3. In some states, psychologists have prescriptive authority. If this trend continues (as many predict), what does this mean for those PMHCNSs or PMHNPs whose practice is solely based on medication management and who are more expensive than psychologists?


4. How is the PMHNP role different from that of the emerging psychiatric physician's assistant?




So what to do now with a specialty eligible for the protected list?


* First, scientifically rigorous studies are needed to validate the differences between the psychiatric CNS and NP practice. The results then should be framed within the 3 established spheres of CNS influence to illustrate the differences in practice between psychiatric CNSs and psychiatric NPs. Psychiatric CNS competencies and curriculum guidelines should then emerge to guide educational programs in the same way NONPF guidelines guide psychiatric NP curricula.


* Second, actively reclaim turf that has been given up to other disciplines. Psychiatric CNSs need to reemerge as leaders, policy makers, and directors of mental health centers and units. Not until psychiatric CNSs can be viewed again more broadly beyond clinical practices that overlap with psychiatric NPs will their actual value be appreciated.


* Third, the LACE model itself recognizes the unique scope of practice of the CNS as distinct and separate from other APRNs. If the retirement of the psychiatric CNS examinations come to pass, how does the profession reconcile this disaffirmation? Does this not invite scrutiny of the commonalities between other CNS specialties and NP practice? Vigorous efforts to preserve the ANCC Psychiatric CNS examinations should begin based on these arguments. The ISPN, APNA, and ANCC should be contacted regarding the above via letter or e-mail. Membership in ISPN and APNA is important. If members disagree with the position that their organizations are taking on such key issues, then they need to communicate!


* Fourth, key elements of the CNS role need to be preserved. The blueprint for the advanced practice psychiatric nurse education contains elements that clearly have roots in CNS education. The legacy needs to be rightfully credited as CNS scope of practice and not assumed to have passed into the public domain.

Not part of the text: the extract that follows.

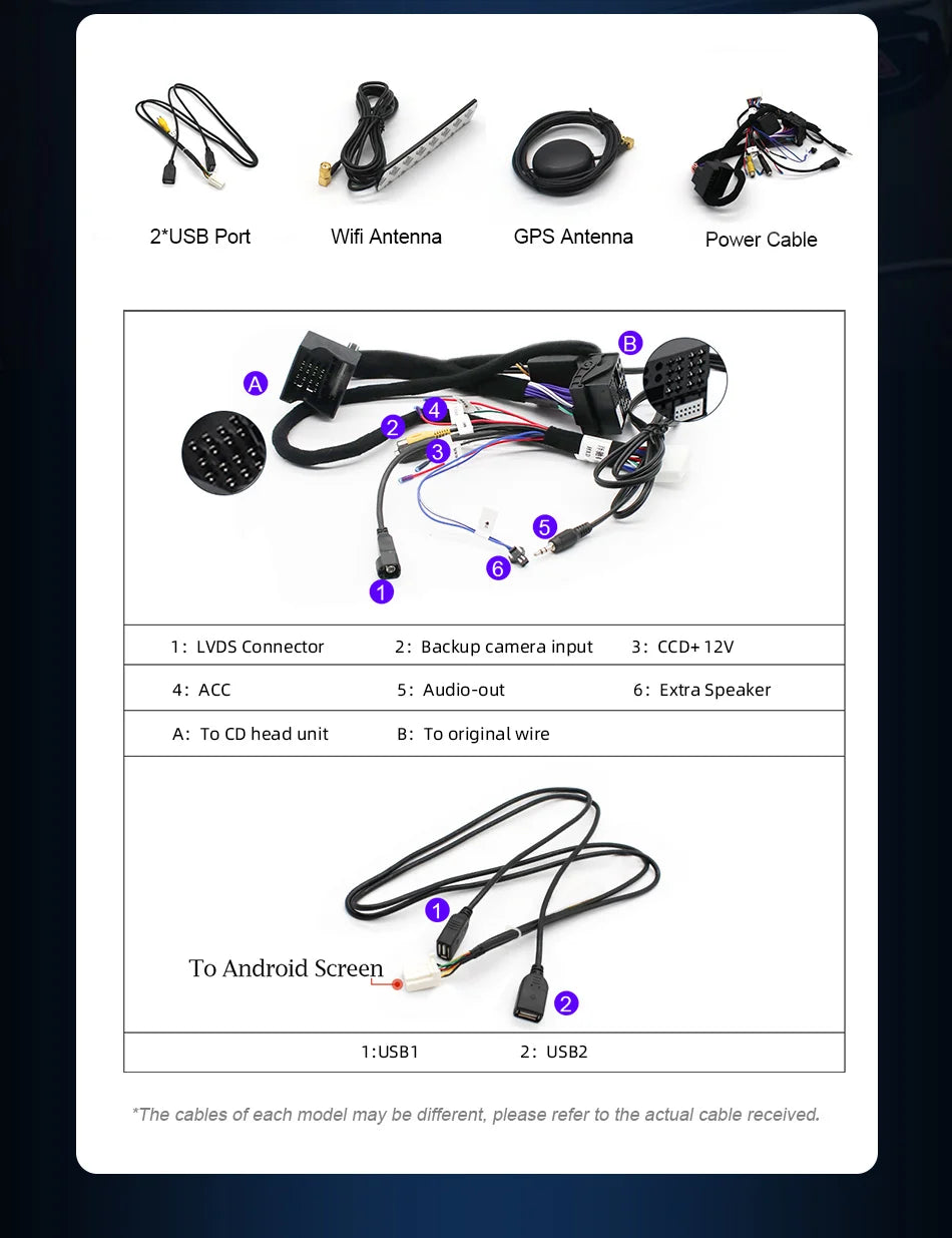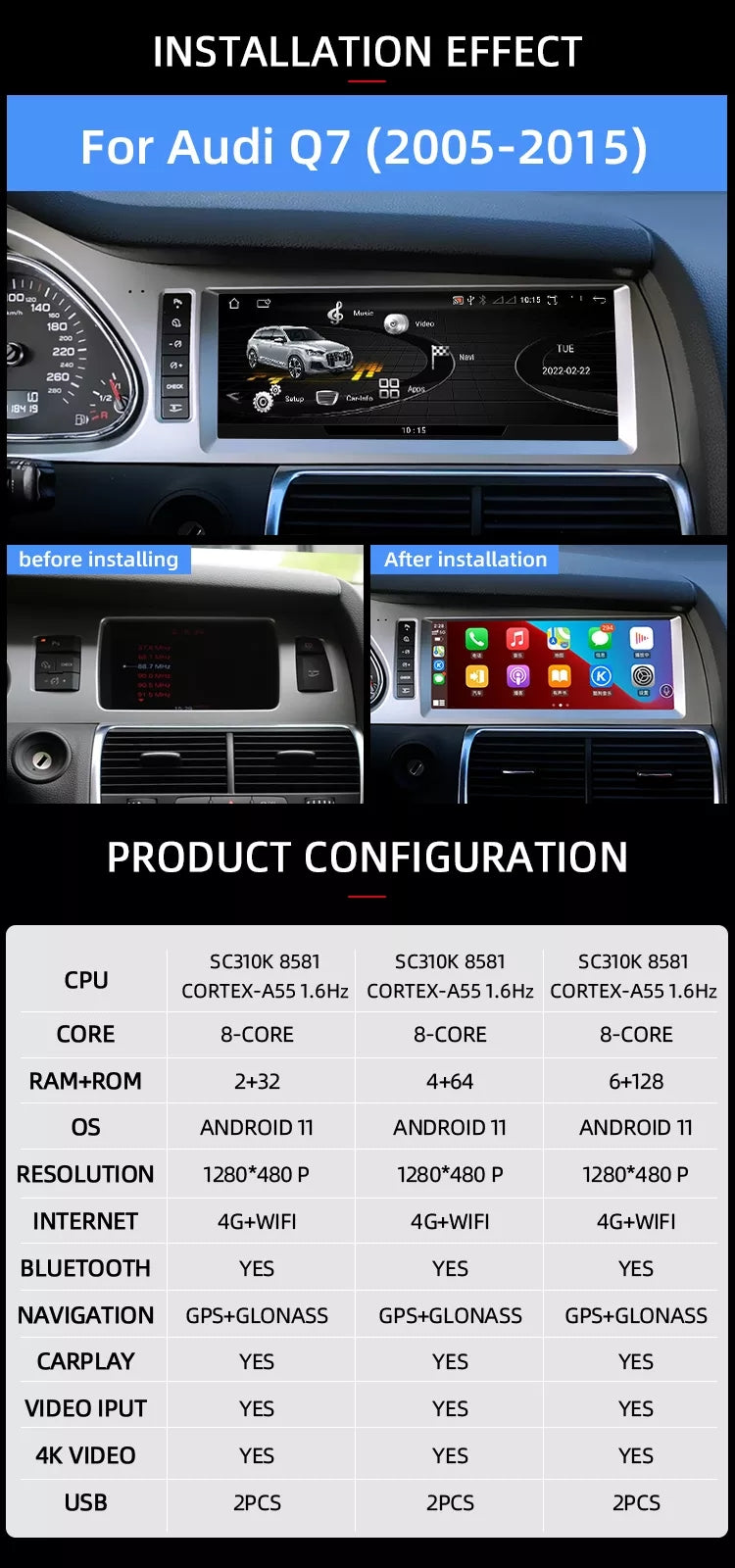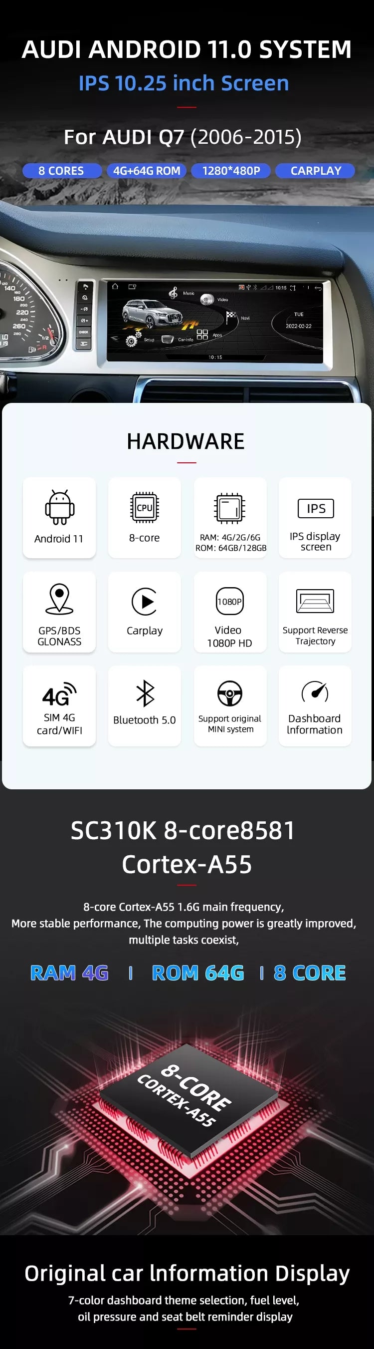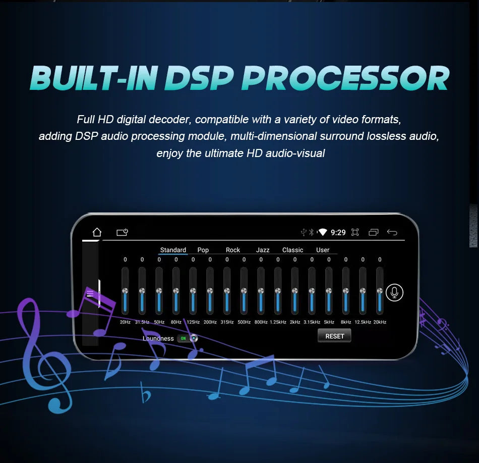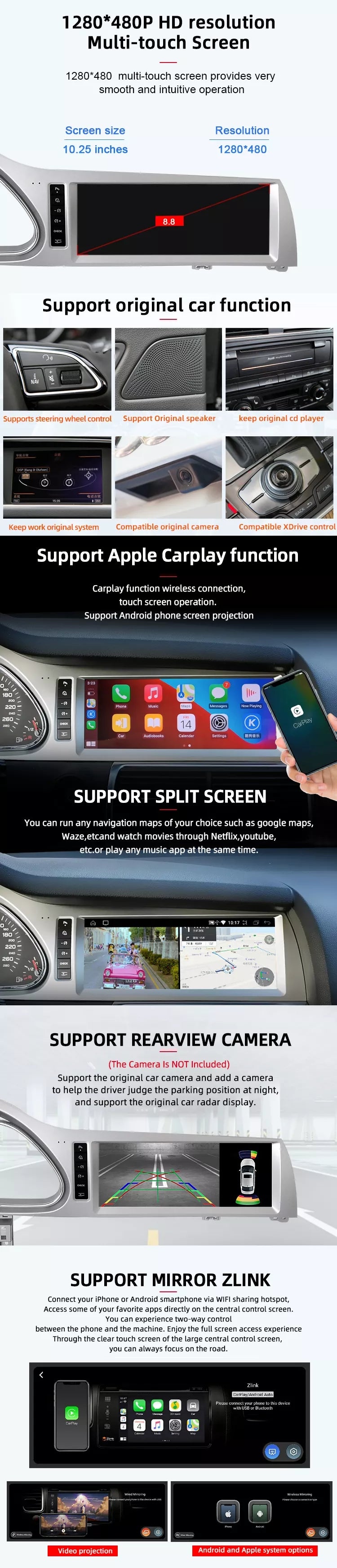 9/10 inch Android 11.0 HD digital touch screen 1. Android 11.0 operating system 2. Support 1080P+ support lossless music 3. Support steering wheel control (if your car has it) 4. Support Phone Link (AirPlay, Miracast) 5. Output: 4x50W max Power output/5.1 channel lossless audio output 6.Audio Frequency: 7 EQ balanced audio processing technology 7.OSD language: English/Russian/French/German/Spanish/Italian/Arabic/Portuguese/Turkish/Thai/ More than 20 languages such as Polish/Hebrew 8. Automatically display rear view camera image when reversing 9. Support media card/GPS card/USB memory stick up to 32GB SD card and 1T hard disk 10. Audio model: Classic/Rock/ Pop/Hall Cinema 11. Music spectrum: display music spectrum when playing audio 12. Audio format: MP3/ WMA/ FLAC/ APE/ ACC etc. 13. Picture format: JPG/ BMP/ GIF/ PNG etc. 14. Video format: H264/ MP4/ AVI/ RMVB/ FLV/ MKV/ MOV, etc. 15.WiFi: Built-in WiFi and antenna 16.Car Door Info: Display the status of the door switch (the original car has this function) 17.Rotating Speed: Display the speed on the screen 18. Running Speed: Display the running speed or engine on the screen 19. Rear view camera: For cars without original camera 20. Support the latest phonebook search, you can search and find contacts in the downloaded phonebook, just enter the name The first letter, you will find some related names, then you can choose the suitable one 21.Radio Tuner with RDS, 30 Preset Radio Stations (FM: 3*6, AM: 2*6) 22.USB port and Micro SD slot, support USB stick and memory card up to 32GB 23.Parking Sensor: Suitable for cars without original parking sensor 24.TPMS: USB TPMS for Android car GPS 25.Support steering wheel control function Support steering wheel control function

The PMHCNS as envisioned and implemented by Peplau remains a crucial, viable, and relevant component in today's consumer-driven, recovery-oriented, and evidence-based2 mental healthcare. Individual consumers are able to obtain high-quality individual, family, and/or group therapy services. Psychiatric-mental health CNSs with prescriptive authority are able to offer pharmacological interventions, thus providing the consumer with the full scope of expert care. Organizations benefit from expert system consultation, and nurses receive unparalleled mentoring, education, and support for evidence-based practice. The mental health landscape is changing rapidly and becoming more challenging in terms of cost-effectiveness and efficiency of services, especially in community mental healthcare. Staffs are being asked to do more with less, and the more multiskilled one is the more invaluable. The future APRN providers and coordinators of mental healthcare will need to be adept in complex case management and systems navigation, in addition to serving as providers of psychopharmacological and psychotherapeutic interventions. Once clearly articulated, evidence and rationale exist for both the CNS and NP roles.16 The strength of the traditional psychiatric PMHCNS role is well suited for current and future challenges, particularly as applied to the struggling community mental health area.1 A provider who can serve in many capacities, such as within the myriad of traditional psychiatric CNS roles of program director, psychotherapist, case manager, medication prescriber/manager, research coordinator, grant writer, and clinical supervisor, would be an ideal match for these needs. The time has come to rescue this indispensable specialty role from the brink of extinction.